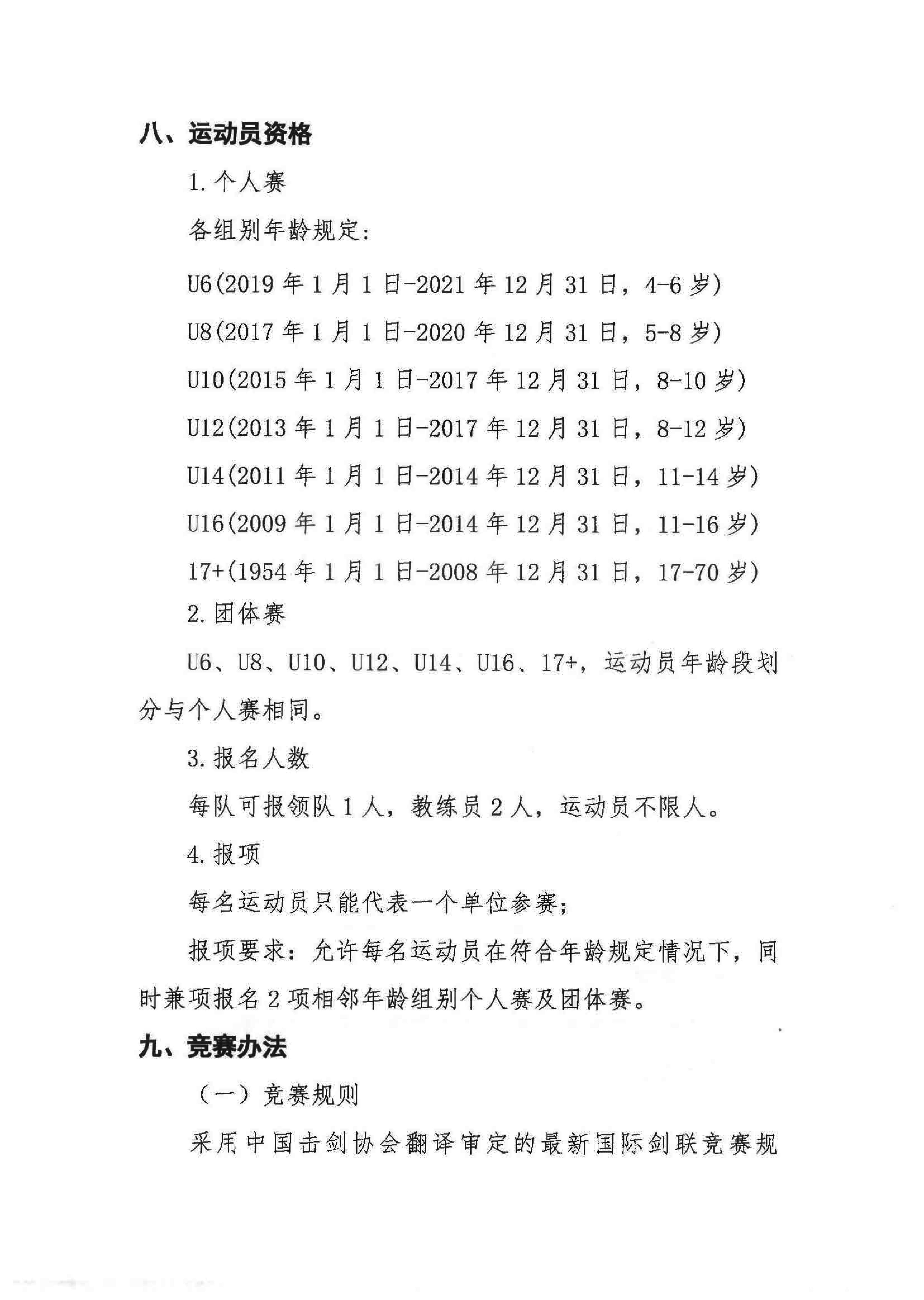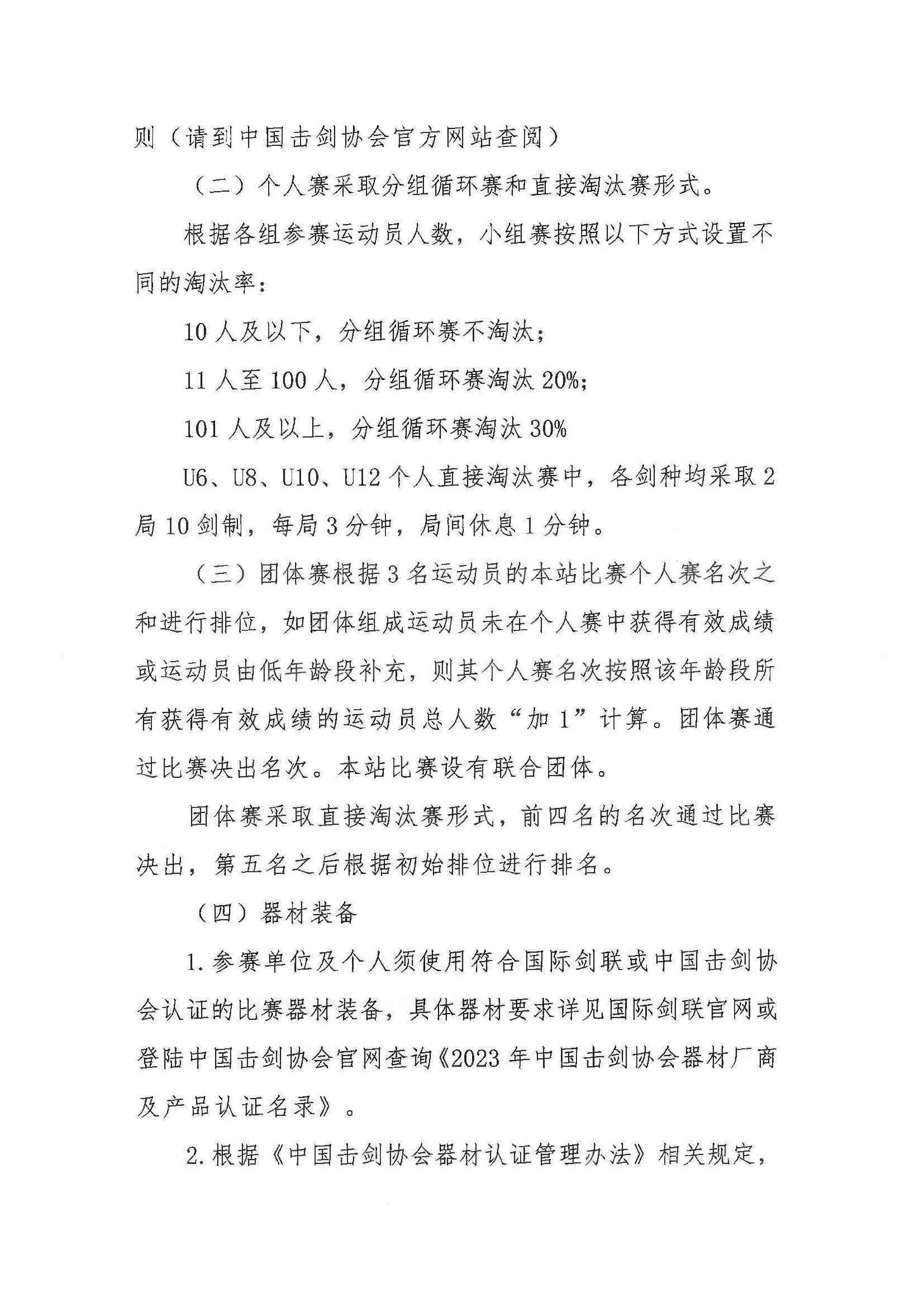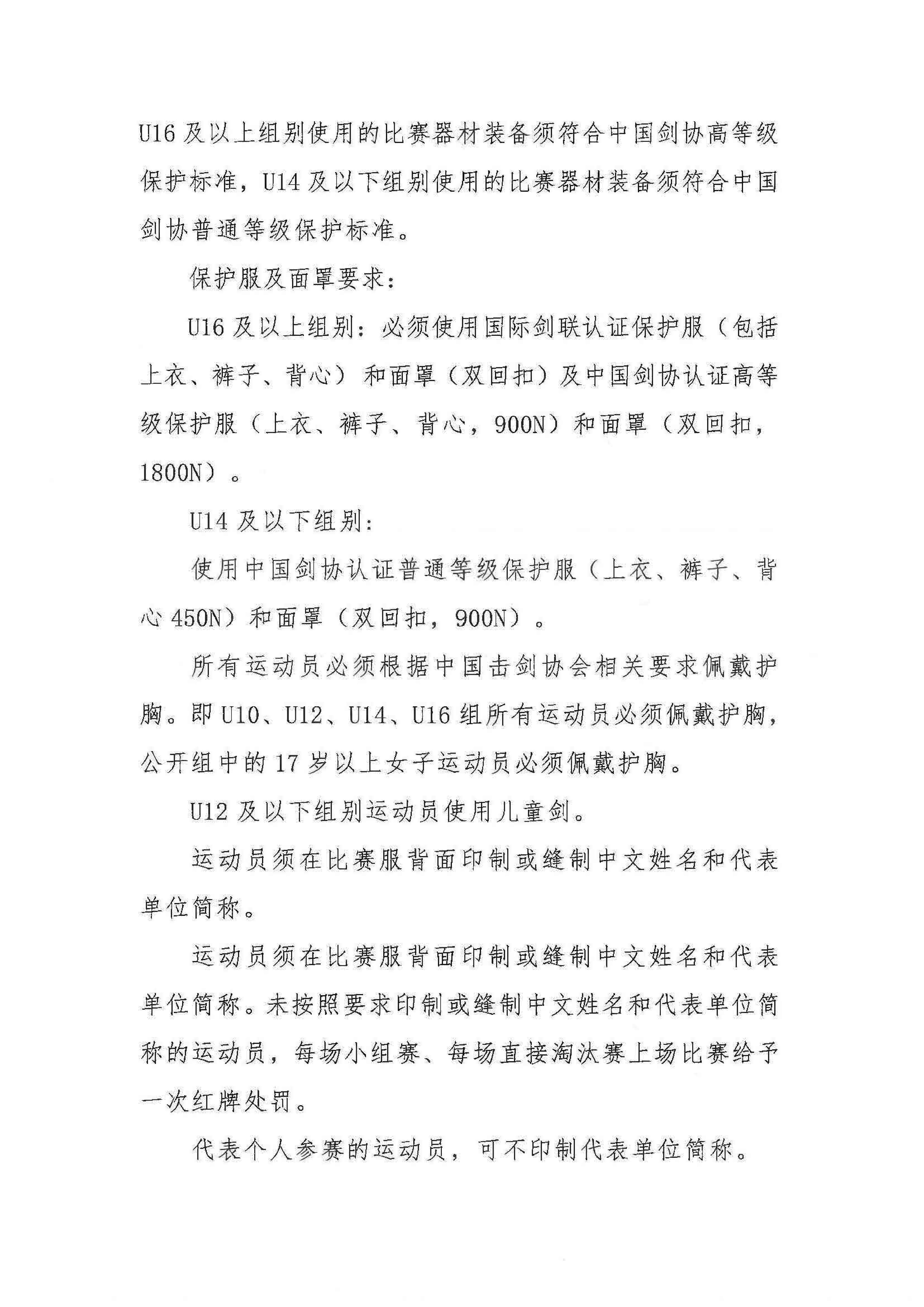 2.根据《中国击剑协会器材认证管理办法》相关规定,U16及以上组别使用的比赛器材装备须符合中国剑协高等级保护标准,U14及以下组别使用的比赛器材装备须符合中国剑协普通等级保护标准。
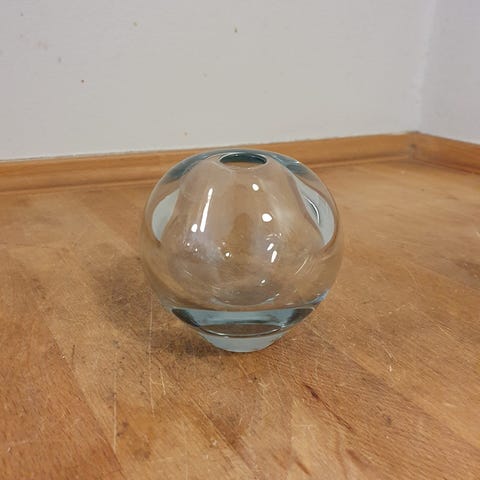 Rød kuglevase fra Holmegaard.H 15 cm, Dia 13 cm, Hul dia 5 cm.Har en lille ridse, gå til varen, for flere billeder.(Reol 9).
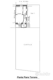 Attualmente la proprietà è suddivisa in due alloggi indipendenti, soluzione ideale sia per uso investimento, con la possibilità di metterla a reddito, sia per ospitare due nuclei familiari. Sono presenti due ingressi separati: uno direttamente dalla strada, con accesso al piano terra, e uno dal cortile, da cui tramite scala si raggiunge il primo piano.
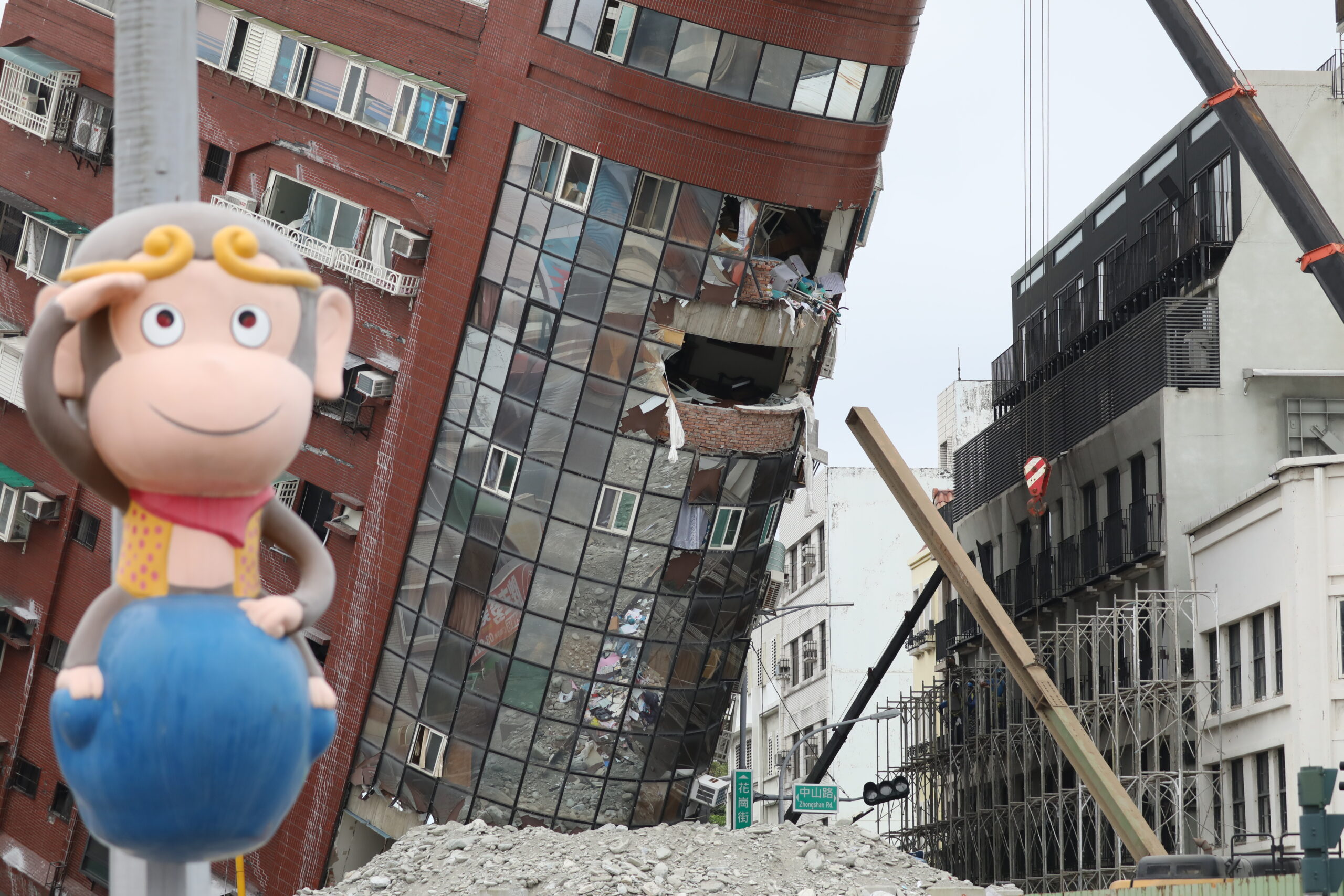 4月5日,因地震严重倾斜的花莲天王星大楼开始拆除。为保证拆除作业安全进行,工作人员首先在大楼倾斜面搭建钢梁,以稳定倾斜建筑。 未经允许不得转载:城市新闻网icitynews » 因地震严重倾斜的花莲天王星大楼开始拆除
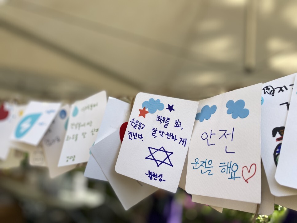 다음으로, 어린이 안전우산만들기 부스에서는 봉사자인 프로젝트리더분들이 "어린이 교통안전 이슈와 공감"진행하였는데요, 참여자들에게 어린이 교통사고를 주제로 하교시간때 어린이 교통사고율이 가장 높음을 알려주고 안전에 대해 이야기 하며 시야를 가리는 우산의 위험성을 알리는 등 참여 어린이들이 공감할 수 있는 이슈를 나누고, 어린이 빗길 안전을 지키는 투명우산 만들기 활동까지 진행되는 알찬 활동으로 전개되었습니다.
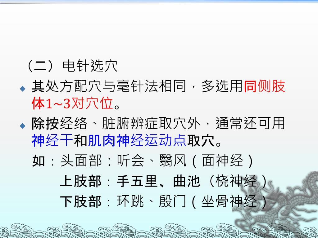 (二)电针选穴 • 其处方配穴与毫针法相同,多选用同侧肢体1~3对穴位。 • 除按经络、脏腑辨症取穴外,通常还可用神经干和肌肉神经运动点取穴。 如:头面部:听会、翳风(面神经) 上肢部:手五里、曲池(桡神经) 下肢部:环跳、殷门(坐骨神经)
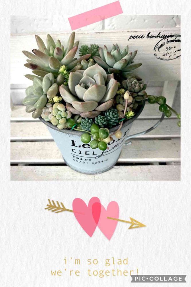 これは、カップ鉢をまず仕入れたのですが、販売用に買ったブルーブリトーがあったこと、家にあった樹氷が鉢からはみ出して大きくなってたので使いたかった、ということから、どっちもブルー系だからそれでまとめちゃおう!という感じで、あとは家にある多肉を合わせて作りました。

◆ ◆ ◆

== EXERCISE DIRECTIONS ==
Return the lines exactly as they stand, from the start of the entries through the line holding "Rød kuglevase fra"; omit the pictures.

== RESULT ==
 2.根据《中国击剑协会器材认证管理办法》相关规定,U16及以上组别使用的比赛器材装备须符合中国剑协高等级保护标准,U14及以下组别使用的比赛器材装备须符合中国剑协普通等级保护标准。
 Rød kuglevase fra Holmegaard.H 15 cm, Dia 13 cm, Hul dia 5 cm.Har en lille ridse, gå til varen, for flere billeder.(Reol 9).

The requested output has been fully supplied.